Methane (CH4), as a critical anthropogenic greenhouse gas, significantly impacts the Earth’s radiation balance and the concentration of ozone in the troposphere. There is considerable uncertainty in the current bottom-up emission inventories when estimating the total methane emissions and their spatial distribution. Satellite remote sensing technology, with its wide coverage and efficient monitoring capabilities, provides an effective means for monitoring the global atmospheric CH4 concentration. This study reviews the techniques for detecting and inverting atmospheric methane based on satellite remote sensing, categorizing methane remote sensing satellites into two main types: regional flux plotters and point source imagers. It summarizes the performance of CH4 satellite-borne detection satellites and the development of detection technology.
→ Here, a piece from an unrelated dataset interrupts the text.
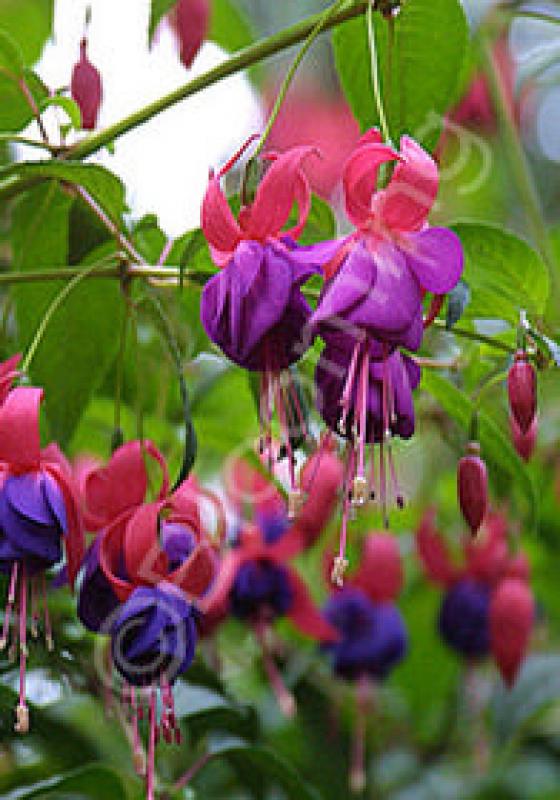 A profusion of red flowers with violet corollas grace this hardy Fuchsia from early summer until hard frost. Shapely growth habit and floriferous; attracts hummingbirds galore! Best in at least afternoon shade.
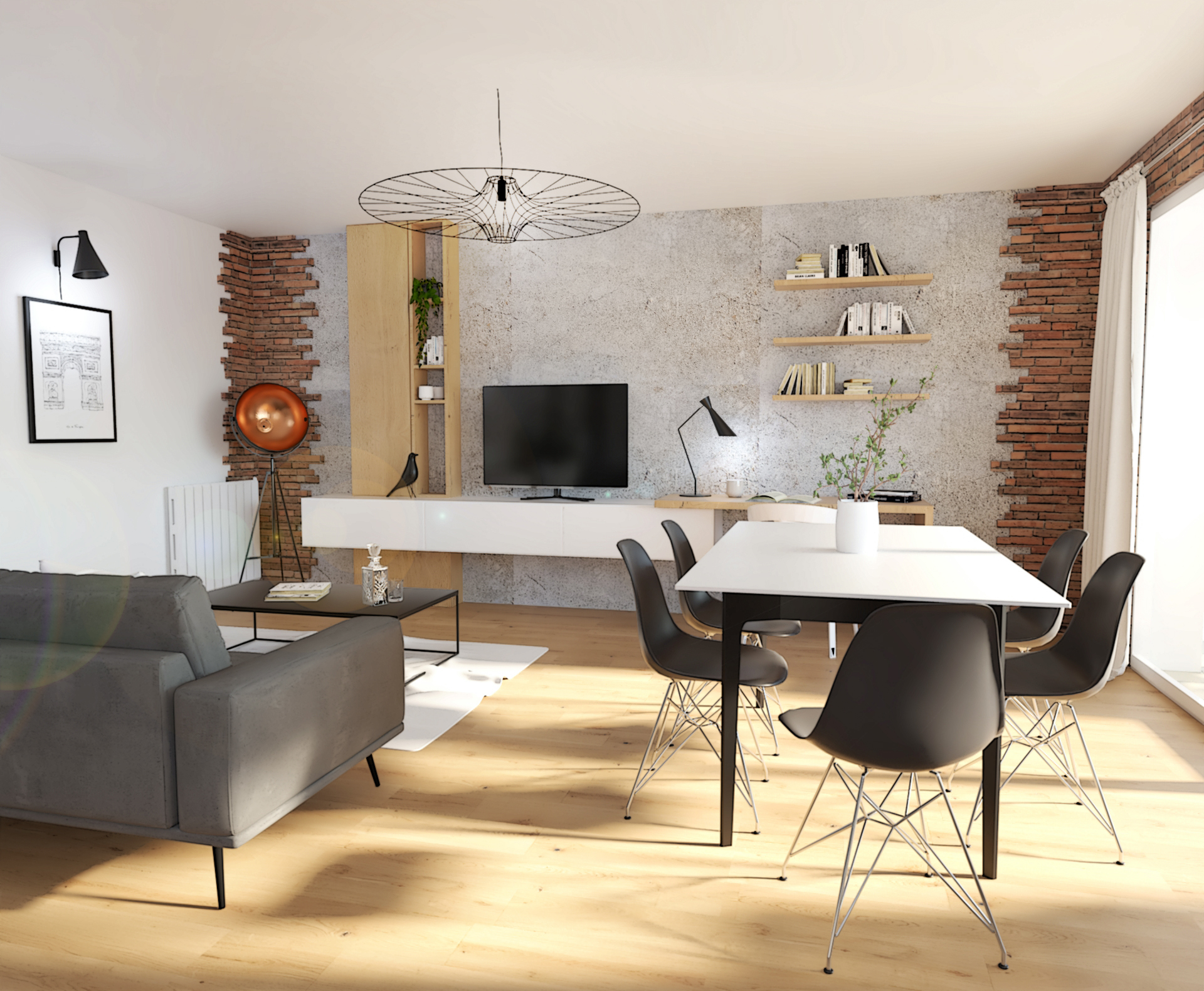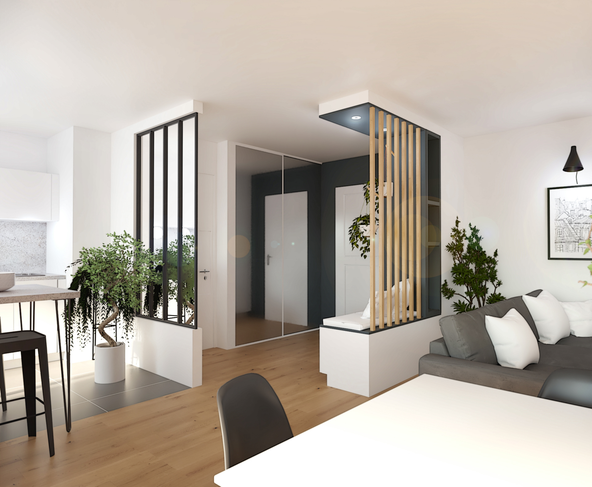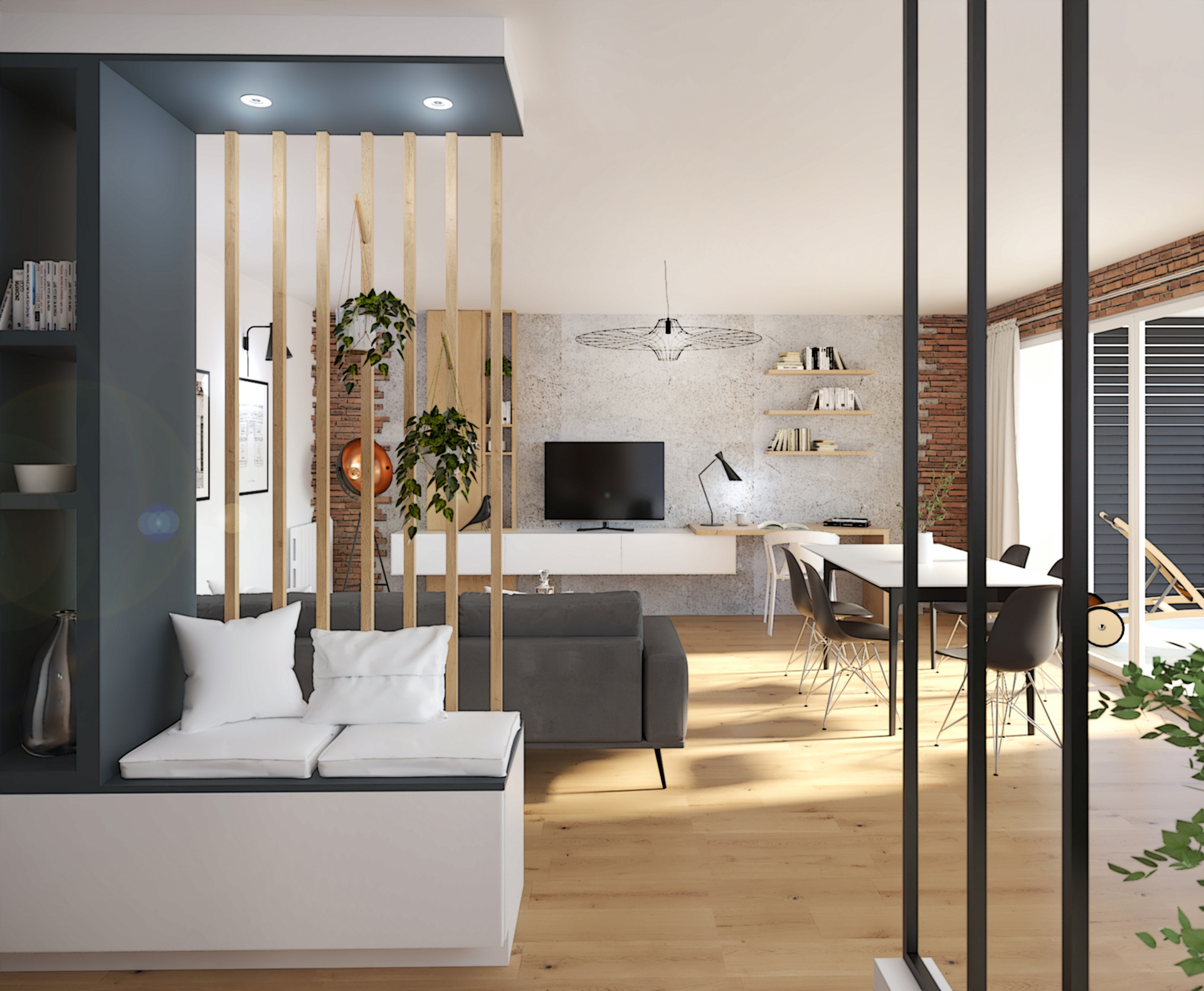 Suite à la construction de cette maison contemporaine, les clients m’ont contactés pour penser l’aménagement intérieur et créer la décoration de chaque espace. La majorité des pièces sont tournées vers l’extérieur pour profiter de la lumière naturelle. Le salon et la salle à manger restent ouverts sur la cuisine pour offrir un bel espace de convivialité à la famille. Des meubles sur mesure ont été pensés pour offrir des rangements. Ils délimitent les fonctions et offrent une unité esthétique à l’ensemble. Les agencements et la décoration créent un fil conducteur dans toute la maison.

Furthermore, it analyzes the application of various sensor CH4 inversion algorithms and their data products in emission monitoring and flux inversion, discussing the strengths and limitations of different inversion algorithms. Finally, in line with the strategic needs of China’s dual-carbon targets, the future development trend of methane remote sensing satellites is predicted, and the future direction of CH4 inversion technology research is prospected, aiming to provide a reference for the construction of China’s atmospheric CH4 satellite remote sensing system.